Et, se serrant fortement dans ces bras qui maintenant tremblaient violemment, elle garda son attitude d'abandon, absolument comme si elle n'entendait pas le bruit de la porte qui s'ouvrait, bruit auquel succédèrent deux cris rauques ; puis au même instant un bras furieux s'abattit sur elle, la faisant rouler à terre, la tête renversée, et montrait aux yeux terrifiés de Raymond le visage de Mme d'Épone! Il regardait tellement saisi, tellement suffoqué de ce qu'il voyait, qu'en ouvrant la bouche pour parler il ne put émettre un son. Il s'appuya au mur, prêt à défaillir, la regardant, regardant Vincent avec des yeux effroyablement égarés ; puis, soudain, il s'élança vers celui-ci, le bras levé, l'injure à la bouche.

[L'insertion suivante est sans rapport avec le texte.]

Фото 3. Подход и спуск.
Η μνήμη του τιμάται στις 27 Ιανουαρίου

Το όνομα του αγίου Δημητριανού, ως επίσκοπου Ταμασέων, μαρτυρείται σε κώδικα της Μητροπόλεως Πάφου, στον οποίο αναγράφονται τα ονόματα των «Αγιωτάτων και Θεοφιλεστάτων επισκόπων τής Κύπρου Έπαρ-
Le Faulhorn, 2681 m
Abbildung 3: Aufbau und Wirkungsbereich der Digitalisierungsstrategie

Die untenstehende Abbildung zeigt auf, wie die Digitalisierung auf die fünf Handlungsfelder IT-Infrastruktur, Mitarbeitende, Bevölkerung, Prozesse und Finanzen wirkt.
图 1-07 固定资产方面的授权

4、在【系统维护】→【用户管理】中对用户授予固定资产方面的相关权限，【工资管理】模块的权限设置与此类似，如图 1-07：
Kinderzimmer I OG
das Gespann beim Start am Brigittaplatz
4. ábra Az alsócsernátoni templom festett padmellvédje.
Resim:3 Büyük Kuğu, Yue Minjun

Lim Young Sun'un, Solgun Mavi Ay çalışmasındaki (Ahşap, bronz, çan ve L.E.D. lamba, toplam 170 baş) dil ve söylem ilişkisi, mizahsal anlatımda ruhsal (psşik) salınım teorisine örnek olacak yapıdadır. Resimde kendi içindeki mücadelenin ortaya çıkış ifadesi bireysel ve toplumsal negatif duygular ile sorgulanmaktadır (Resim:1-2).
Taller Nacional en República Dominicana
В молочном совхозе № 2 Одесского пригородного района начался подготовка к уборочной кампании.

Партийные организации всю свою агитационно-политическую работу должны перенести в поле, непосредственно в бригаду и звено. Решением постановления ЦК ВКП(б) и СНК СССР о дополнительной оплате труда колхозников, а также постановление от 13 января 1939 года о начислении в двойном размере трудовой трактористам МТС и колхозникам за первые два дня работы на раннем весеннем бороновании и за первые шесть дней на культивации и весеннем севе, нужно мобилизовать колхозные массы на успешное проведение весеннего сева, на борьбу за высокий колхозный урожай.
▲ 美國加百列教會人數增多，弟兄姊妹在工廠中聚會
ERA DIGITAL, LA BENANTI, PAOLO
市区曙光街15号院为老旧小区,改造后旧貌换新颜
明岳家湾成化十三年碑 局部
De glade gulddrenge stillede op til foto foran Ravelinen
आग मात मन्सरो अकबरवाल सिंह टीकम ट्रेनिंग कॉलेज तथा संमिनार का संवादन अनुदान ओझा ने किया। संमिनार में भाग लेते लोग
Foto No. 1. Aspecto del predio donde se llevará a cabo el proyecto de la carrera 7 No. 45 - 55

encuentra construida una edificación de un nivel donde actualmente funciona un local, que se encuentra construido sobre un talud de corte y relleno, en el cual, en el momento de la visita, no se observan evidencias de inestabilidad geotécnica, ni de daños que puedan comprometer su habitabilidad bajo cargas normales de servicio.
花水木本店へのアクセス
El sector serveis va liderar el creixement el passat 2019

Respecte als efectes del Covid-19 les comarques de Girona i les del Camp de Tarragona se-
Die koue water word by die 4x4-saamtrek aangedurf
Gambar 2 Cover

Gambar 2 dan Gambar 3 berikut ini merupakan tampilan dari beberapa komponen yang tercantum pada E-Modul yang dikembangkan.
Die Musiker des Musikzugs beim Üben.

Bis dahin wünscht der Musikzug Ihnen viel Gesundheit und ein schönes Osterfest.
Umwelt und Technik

En une seconde, Mme d'Épone fut relevée et entre eux, pâle et magnifique, les yeux dilatés, le capuchon tombé laissant voir ses cheveux défaits, elle repoussa Raymond.
— Non, Monsieur, vous n'avez pas le droit d'intervenir : ceci ne vous regarde pas. Je suis libre, n'est-ce pas?
— Libre… d'avoir un amant sous mon toit.
— Je partirai ; mais vous n'avez pas à vous mêler de tout ceci ; je vous le défends, entendez-vous?